Un essai à confirmer
Dès ses débuts, Shumona Sinha, qui avait déjà traduit des auteurs français en bengali, comme Yves Bonnefoy, décide qu’outre ses études à la Sorbonne elle veut «lire et traduire». Tout en enseignant, elle publie ses premières traductions, avec le poète Lionel Ray, «[son] ex-mari», des anthologies de poètes français en bengali et de poètes bengalis en français. Tandis qu’au contact du français «[son] bengali n’était déjà plus le même», elle commence un roman dans sa langue paternelle. «Ça n’avançait pas. La langue, c’est vital. J’avais l’impression de traduire du français en bengali !» Alors elle se lance. Elle écrit, «en français maladroit», Fenêtre sur l’abîme, qui est accepté à La Différence, maison amie des poètes, et publié tel quel. «J’ai été trop impatiente, reconnaît l’auteure. Je n’ai pas voulu retravailler. J’ai eu tort.» Le livre ne passe pas tout à fait inaperçu : un portrait dans Lire, une interview par Alain Veinstein sur France Culture. Mais l’essai reste à confirmer.
« Fashion victim »
Après avoir exercé différents métiers pour vivre et s’acheter les vêtements dont elle raffole («Je suis une fashion victim», s’amuse-t-elle), comme attachée de presse à l’ambassade de l’Inde ou prof d’anglais, Shumona est recrutée en 2009 par l’Ofpra, en tant qu’interprète-traductrice.
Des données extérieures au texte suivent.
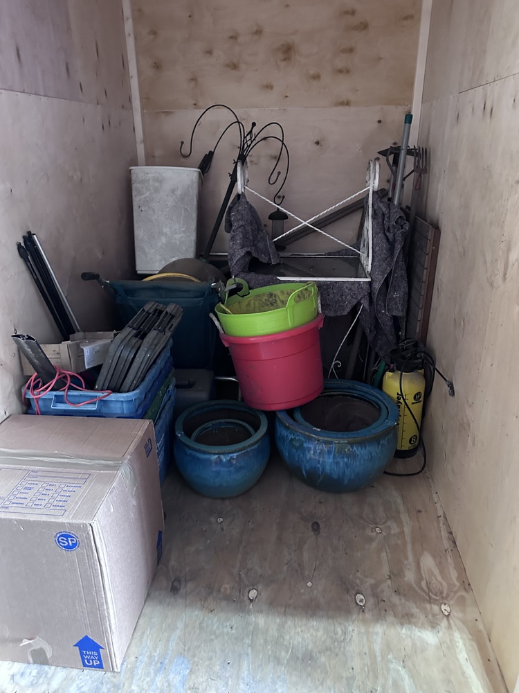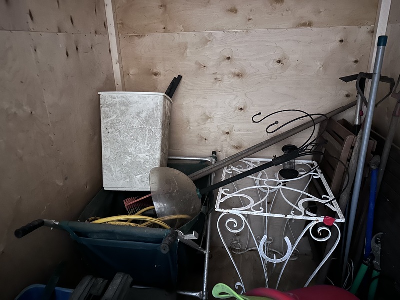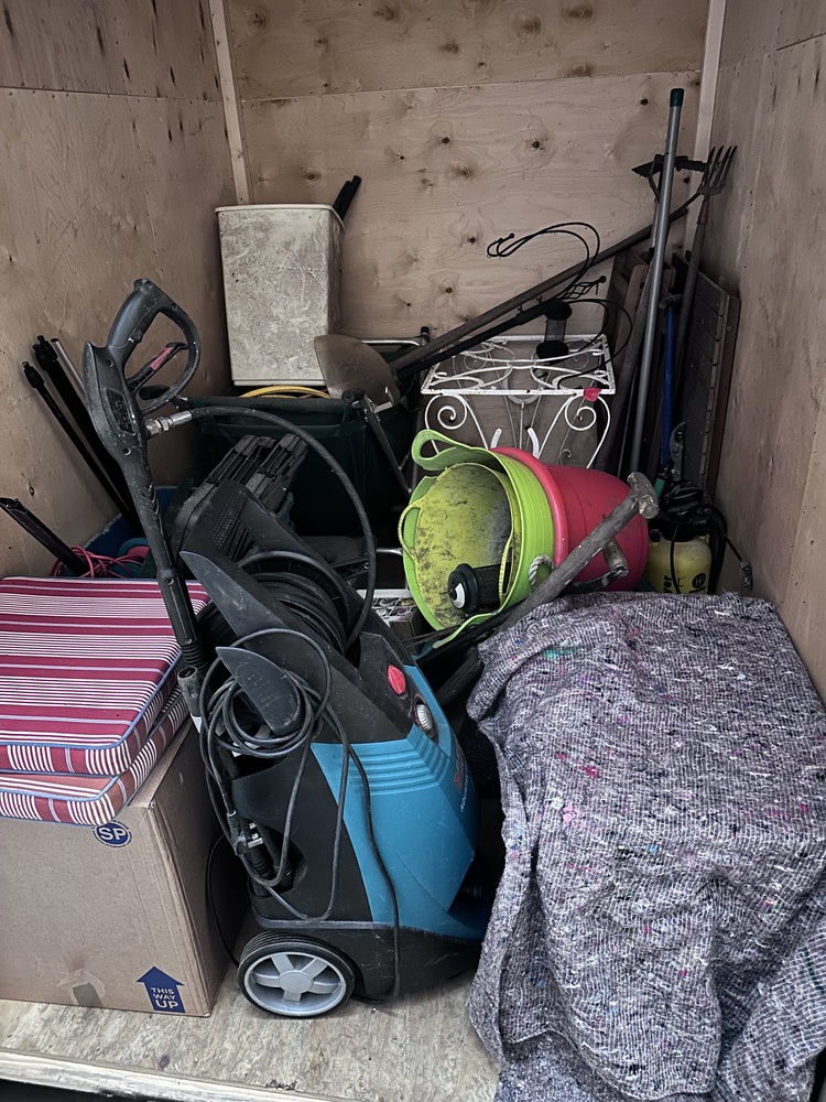 Unit contains miscellaneous garden furniture / tools (including chain saw / pressure washer) and pots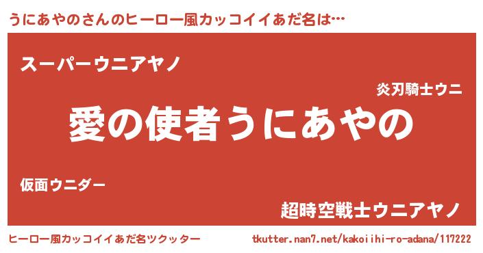 | 女子向けラノベタイトル風あだ名 | 『うにあやの恋絵巻』 |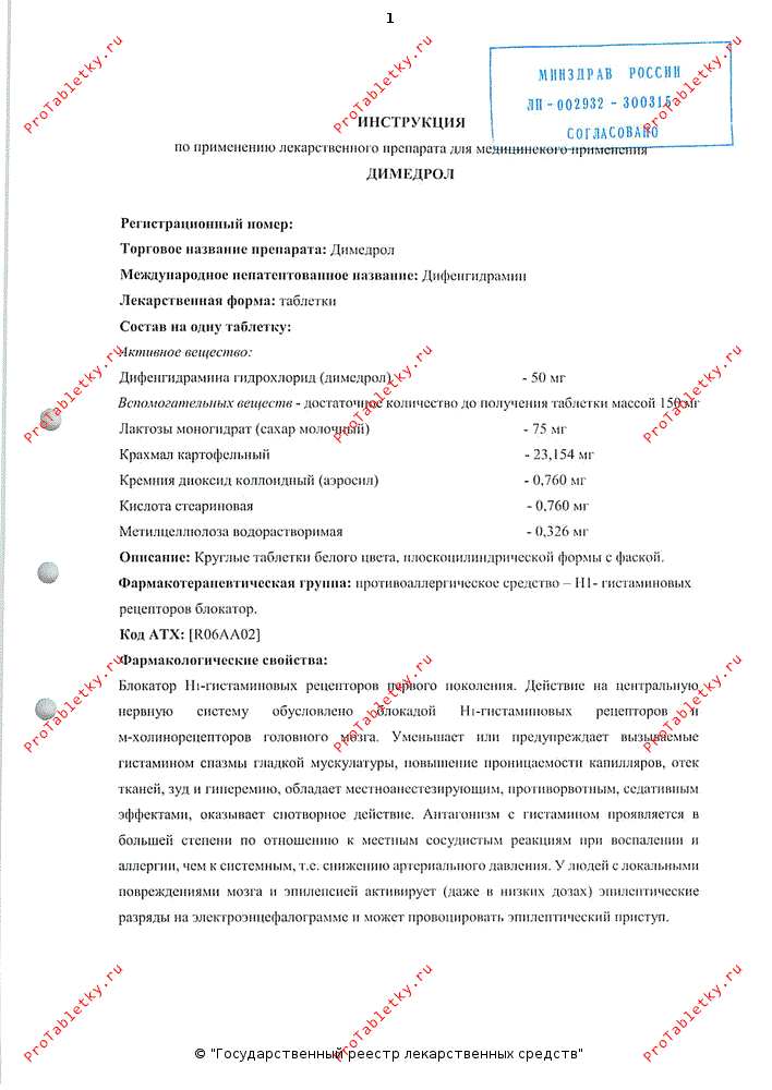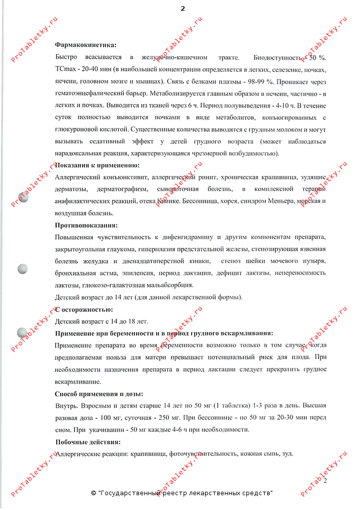 Пиковая концентрация отмечается через 1-4 часа после перорального приема. Большая часть активного компонента подвергается метаболическим трансформациям в печени. Период полужизни препарата составляет 1-4 часа. Выделяется в грудное молоко и может вызвать снотворный эффект у детей, находящихся на грудном вскармливании. Фармакологический эффект достигает максимальной выраженности через 1 час после перорального приема. Продолжительность действия составляет в среднем 4-6 часов. Кратность применения – 1-3 раза в день, продолжительность медикаментозного курса – 10-15 дней. Пациентам с гиперактивностью щитовидной железы, повышенным давлением жидкости внутри глаза, кардиоваскулярной патологией, а также лицам пожилого возраста при приеме препарата следует соблюдать особую осторожность. Димедрол противопоказан лицам, чья работа связана с повышенной концентрацией внимания (в т.ч. водителям). Во время медикаментозного курса необходимо воздерживаться от потребления алкоголя. Димедрол не используется при индивидуальной непереносимости, в период беременности и грудного вскармливания, при закрытоугольной глаукоме, аденоме предстательной железы, пилородуоденальном стазе. Димедрол потенцирует ингибирующие эффекты на ЦНС снотворных средств, транквилизаторов, этанола. Наиболее распространенные побочные эффекты: слабость разбитость, седация, вертиго, сонливость, головные боли, ухудшение когнитивных функций.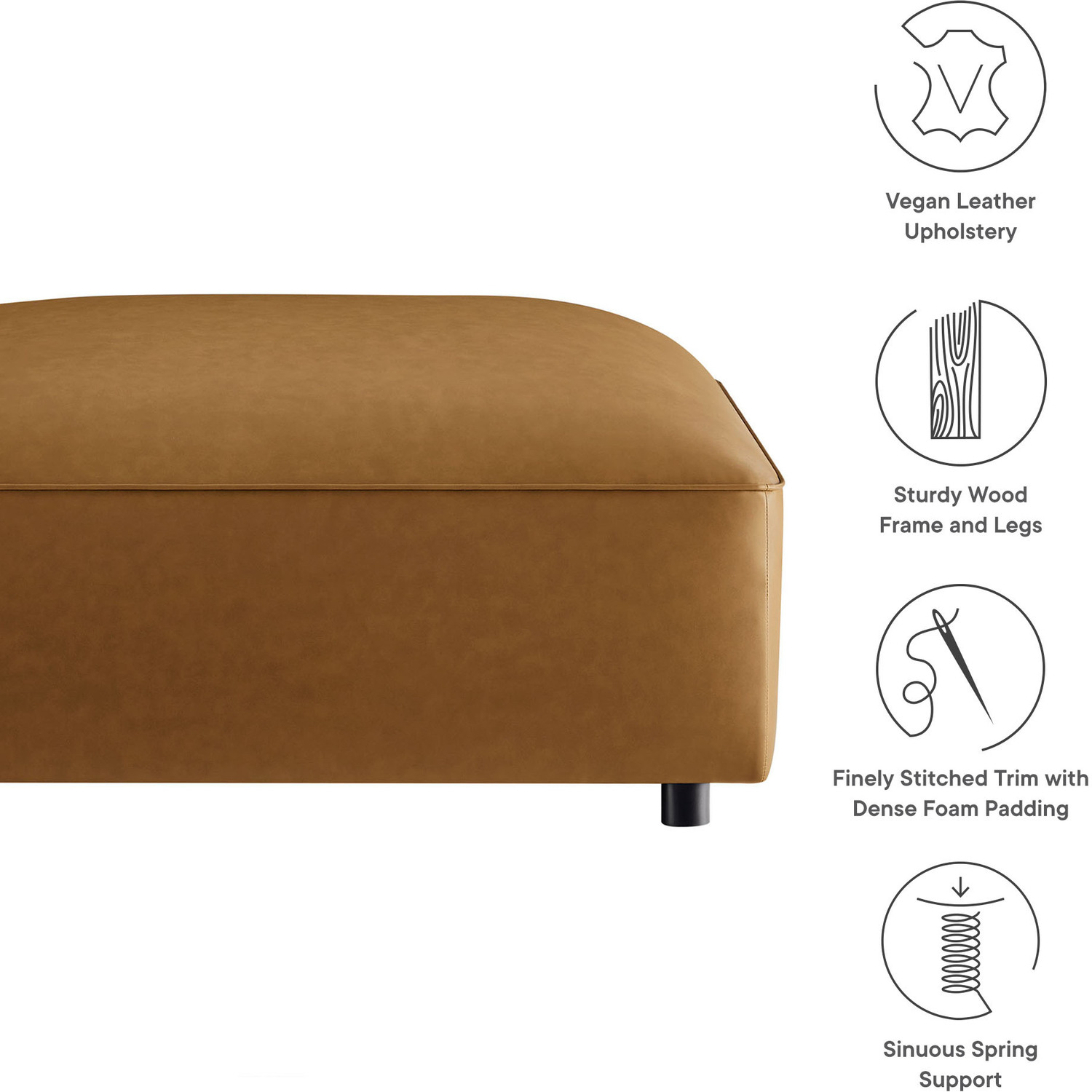 Make your living room feel instantly stylish with the low-key elegance of the Auren Vegan Leather Ottoman. Wrapped in smooth, high-quality faux leather, this ottoman blends effortlessly into different interior styles, offering subtle charm. The spacious top offers a comfortable spot to rest your feet or serve as extra seating, while its sleek design blends seamlessly with modern decor. Finely stitched trim along the seams adds a tailored finish, while the overstuffed ottoman’s dense foam padding provides a soft, supportive feel. Built with a sturdy wood frame, the Auren Square Ottoman offers firm, flexible support, whether you're kicking up your feet or using it as an upholstered coffee table. Plus, this vegan leather ottoman ships fully assembled with just the legs to attach, so you can relax and enjoy it right out of the box. Whether placed alongside your current seating or paired with other Auren pieces, this footstool ottoman offers versatile styling options to complete your space. Weight Capacity: 800 lbs.Vegan Leather Upholstery

Elle y reste deux ans, jusqu’à ce qu’elle soit «virée», à cause d’Assommons les pauvres !, son deuxième livre, et son premier à L’Olivier, paru à la rentrée 2011. «J’y dénonçais une usine à mensonges, le système organisé des trafiquants du droit d’asile. Ça a déplu.» Le livre, lui, casse la baraque : presse enthousiaste, deux prix littéraires (Populiste et Valery-Larbaud, après avoir été finaliste du Renaudot), bonnes ventes, reprise en poche…
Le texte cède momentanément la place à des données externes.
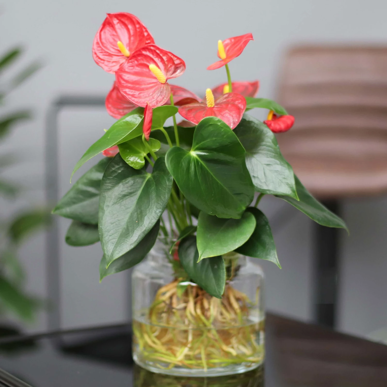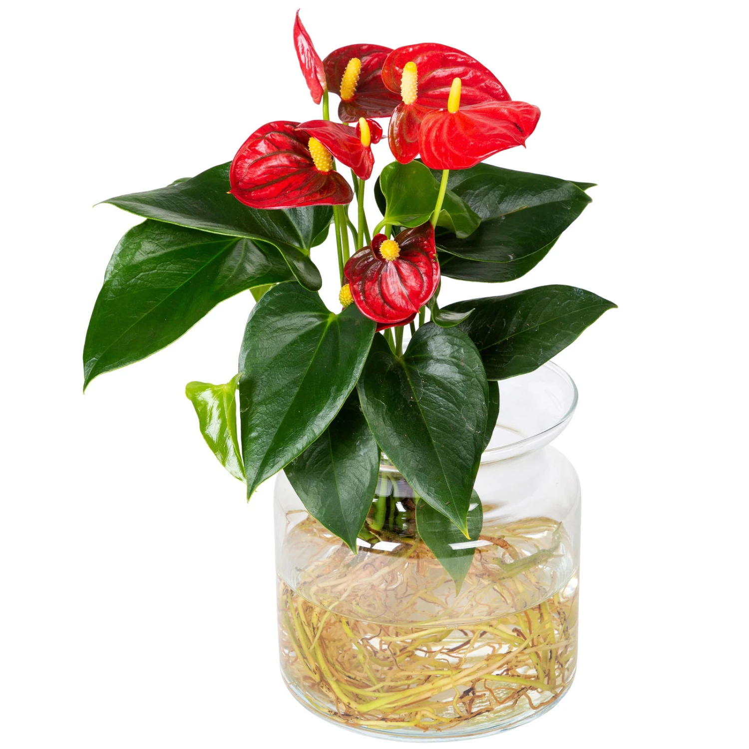 Mit dieser exklusiven Pflanzenschönheit holen Sie sich einen ganz besonderen Eyecatcher nach Hause: Diese exotische Flamingoblume, botanisch Anthurium genannt, kommt ganz ohne Erde aus und gedeiht ausschließlich in Wasser. In Kombination mit den roten, lackartigen Hüllblättern der Blüten und den glänzenden, lanzettlichen Blättern ziehen die freigelegten Wurzeln in der modernen Glasvase mit Sicherheit alle Blicke auf sich! Aber auch als Geschenk ist diese Rarität für jeden Zimmergärtner eine schöne Idee.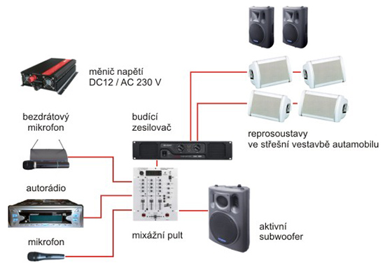 Prvním rozhodnutím, jež musí padnout je, zda ozvučení provedeme přímo na autobaterii, čemuž budeme muset uzpůsobit veškeré buzení, nebo zda ozvučení bude provedeno na 230 V, k čemuž bude zapotřebí tzv. měnič napětí, který 230 V vyrobí z 12 V autobaterie. V prvním případě vybíráme autozesilovače popř. aktivní reprosoustavy právě na 12 V a musíme podotknout, že tato varianta je opravdu mnohem složitější a vyžadující pečlivý výběr zesilovačů. Chyby jsou zde časté. V druhém případě, kterému jsou věnovány další řádky, je vše jednodušší a ozvučení se dá navrhnout variabilně. Bude to chtít ale již zmiňovaný měnič napětí (viz autodíly).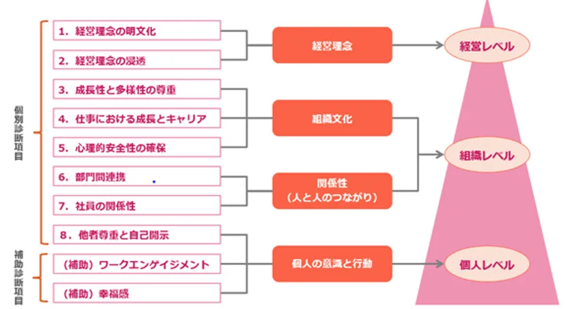 ・診断結果の報告:全社診断、部門・役職別診断、各種カスタマイズ比較分析

Après quoi, bien que se sentant «vidée», Shumona Sinha entreprend un autre récit, poussée par une nécessité personnelle : la mort de son père. Ce sera ce Calcutta, publié en janvier, où se mêlent sa propre histoire et celle de son héroïne, Trisha, qui retourne chez elle pour assister aux funérailles, puis revisite la ville, redécouvre la maison familiale, vide, qui lui rappelle l’histoire politique de son pays depuis les années 1970. «Je dois tout à Kolkata, une ville très forte, qui vous marque et vous façonne, dit Shumona. Trisha, c’est un peu moi, avec ma nostalgie, et mon bengali, hésitant au début, parce que je l’ai désappris.»
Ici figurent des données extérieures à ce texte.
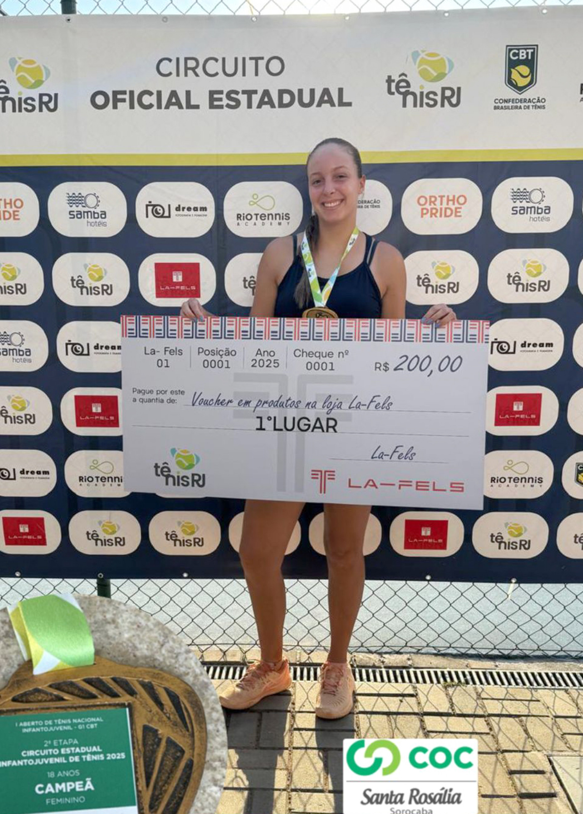 A sorocabana Alice Ghiraldi, 15 anos, acumulou mais uma medalha como tenista. Desta vez, o lugar mais alto do pódio foi no Aberto de Tênis Nacional Infantojuvenil 2025, realizado no Rio de Janeiro. A vitória veio em cima da mineira Bárbara Baeta, após dois sets com superioridade no placar.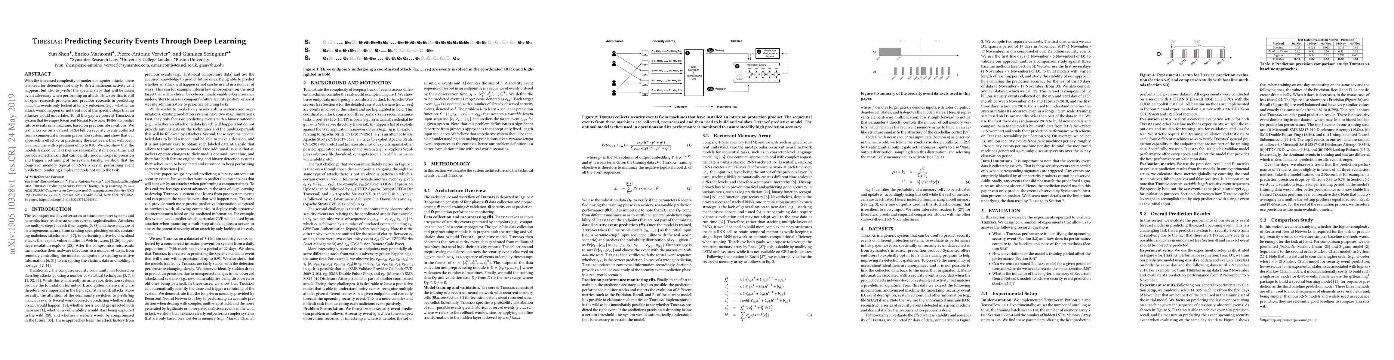 A deep learning model called Tiresias predicts future security events with up to 93% precision, outperforming simpler methods and demonstrating the importance of long-term memory in event prediction.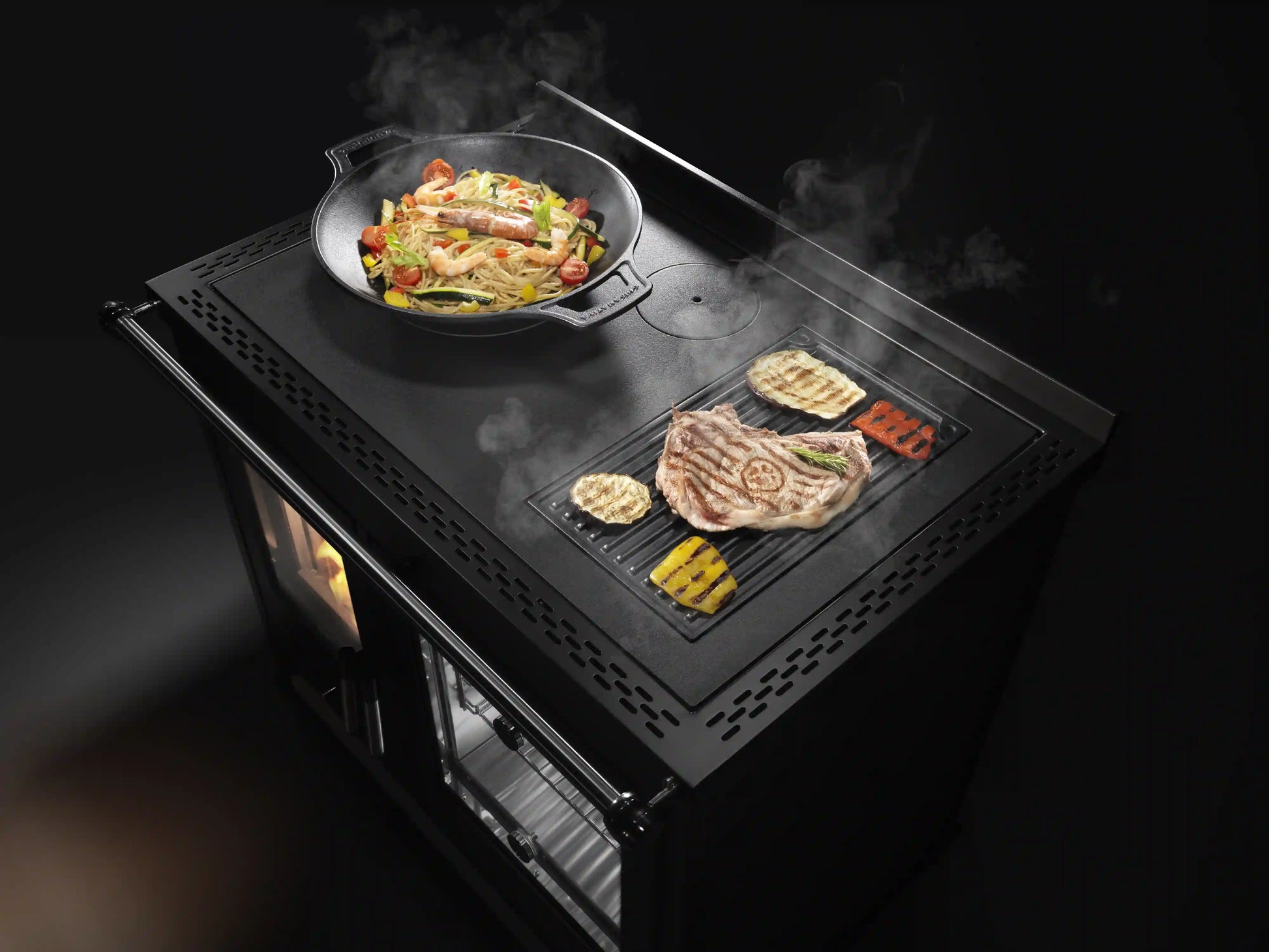 Bovenop de kachel bevindt zich een gietijzeren kookplaat met een hittebestendige emaillelaag. Deze plaat is geschikt voor dagelijks gebruik en verdeelt de warmte gelijkmatig, waardoor koken op hout overzichtelijk en controleerbaar blijft. In de kookplaat is een gietijzeren grillplaat geïntegreerd, waarmee je gerechten kunt grillen of direct kunt bereiden boven het vuur. Dit geeft extra mogelijkheden en versterkt de authentieke kookbeleving.

Shumona Sinha, qui a failli être danseuse de bharat natyam, évolue avec grâce entre ses deux cultures. Sa vie littéraire est désormais ici. Elle voudrait travailler dans l’édition. Mais Calcutta demeure dans sa mémoire et dans son cœur. Rêve-t-elle d’être traduite en bengali ? «Il y a des choses que je peux dire en français, pas en bengali.» La patrie d’un écrivain, c’est la langue dans laquelle il écrit. Jean-Claude Perrier
Calcutta, Shumona Sinha, L’Olivier, ISBN : 978-2-8236-0039-1, mise en vente le 2 janvier.